◆ Exercise data ◆
********

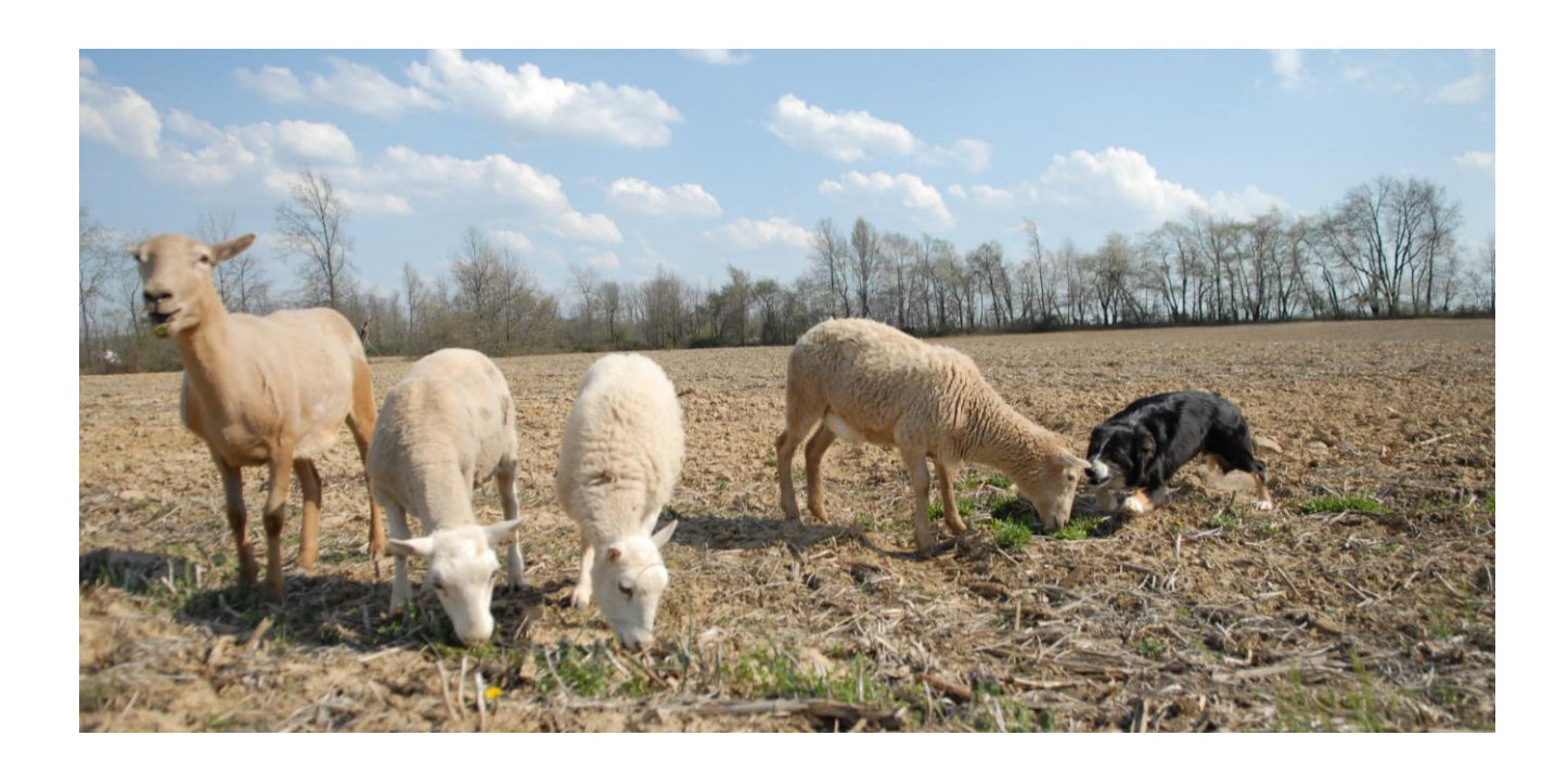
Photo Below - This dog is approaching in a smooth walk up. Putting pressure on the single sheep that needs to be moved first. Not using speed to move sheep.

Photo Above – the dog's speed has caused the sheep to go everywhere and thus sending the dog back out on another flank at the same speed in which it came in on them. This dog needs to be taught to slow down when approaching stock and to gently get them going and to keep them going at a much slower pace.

********

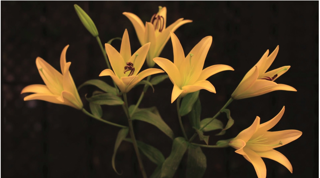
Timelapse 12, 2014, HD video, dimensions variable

********

◆ About this task ◆
For this exercise, gather every line of the data that contains the word "needs".

◆ Response ◆
Photo Below - This dog is approaching in a smooth walk up. Putting pressure on the single sheep that needs to be moved first. Not using speed to move sheep.
Photo Above – the dog's speed has caused the sheep to go everywhere and thus sending the dog back out on another flank at the same speed in which it came in on them. This dog needs to be taught to slow down when approaching stock and to gently get them going and to keep them going at a much slower pace.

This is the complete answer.